According to Thai government data, the country’s marketed natural gas production increased substantially for several years but peaked in 2014 at close to 1.5 Tcf (42.5 bcm). Other than a slight rebound in the first quarter of this year, natural gas output in Thailand has declined over the past five years.
Thailand has increasingly turned to LNG imports, revealing a much needed market for LNG producers looking to sign supply agreements as well as selling uncontracted volumes during the ongoing supply overhang of the fuel. In 2018, Thailand’s LNG imports increased 16% year/year amid domestic gas production declines and less pipeline gas imports from Myanmar, the government said.
PTT operates the country’s only LNG import facility, the Map Ta Phut LNG project, southeast Asia’s first LNG import terminal. It has a regasification capacity of 11.5 mmty. The company is also increasing loading facilities at the project.
PTT is also constructing the new Nong Fab LNG import terminal in Rayong. The terminal is expected to have a regasification capacity of 7.5 mmty and become operational by 2022. The company awarded an engineering, procurement and construction contract to a JV of Saipem and CTCI in June.

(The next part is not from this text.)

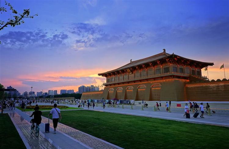 大明宫国家遗址公园单凤门晚霞。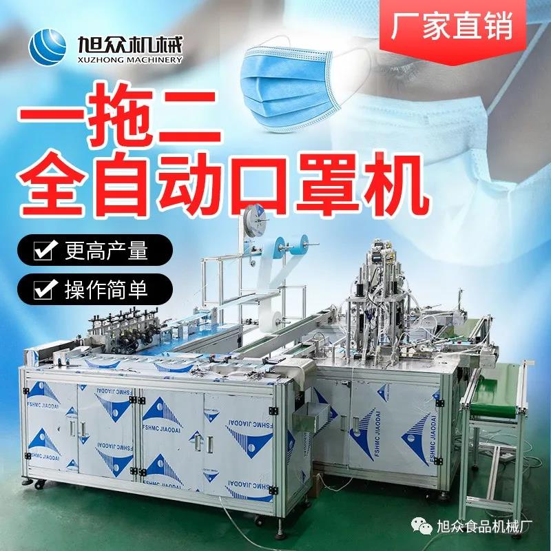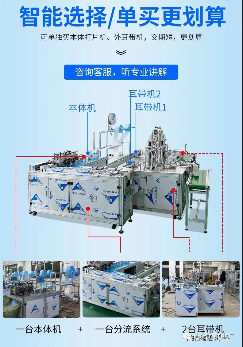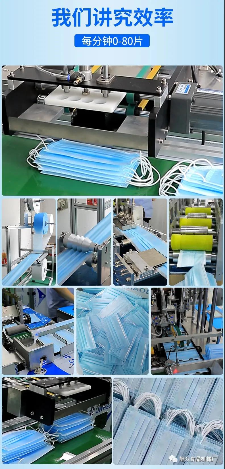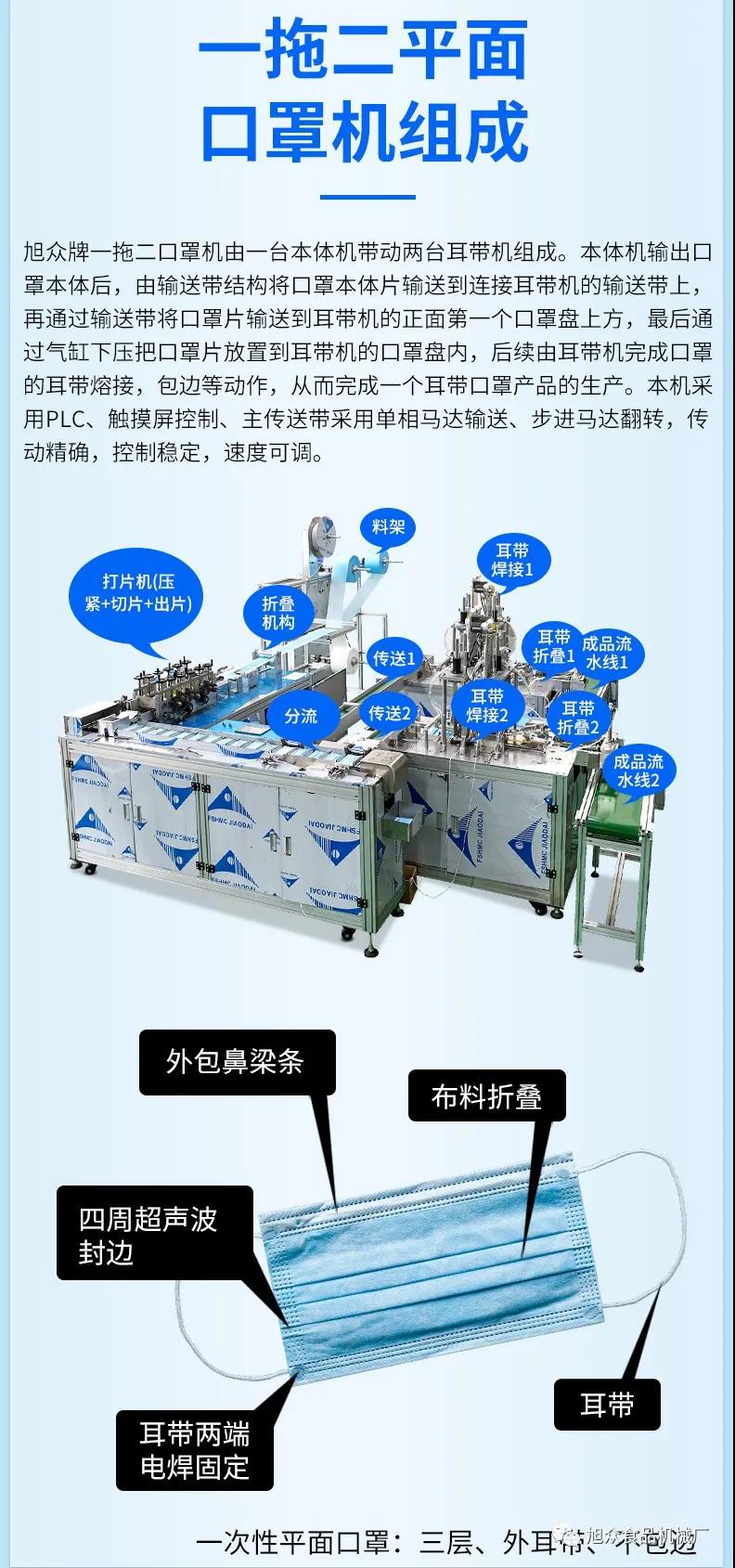 旭眾牌一拖二口罩機由一臺本體機帶動兩臺耳帶機組成。本體機輸出ロ罩本體后,由輸送帶結構將口罩本體片輸送到連接耳帶機的輸送帶上,再通過輸送帶將口罩片輸送到耳帶機的正面第一個口罩盤上方,最后通過氣缸下壓把口罩片放置到耳帶機的口罩盤內(nèi),后續(xù)由耳帶機完成口罩的耳帶熔接,包邊等動作,從而完成一個耳帶口罩產(chǎn)品的生產(chǎn)。本機采用PLC、觸摸屏控制、主傳送帶采用單相馬達輸送、步進馬達翻轉,傳動精確,控制穩(wěn)定,速度可調。

State-owned EGAT’s planned 5 mmty floating storage and regasification unit in the Gulf of Thailand was put on hold in May by the country’s energy and planning office, which cited doubts about the volume of LNG matching utilization rates. Energy Minister Siri Jirapongphan said he was “concerned that once EGAT makes the massive LNG purchases, they cannot be fed to generate the power, resulting in a ‘take or pay’ situation.”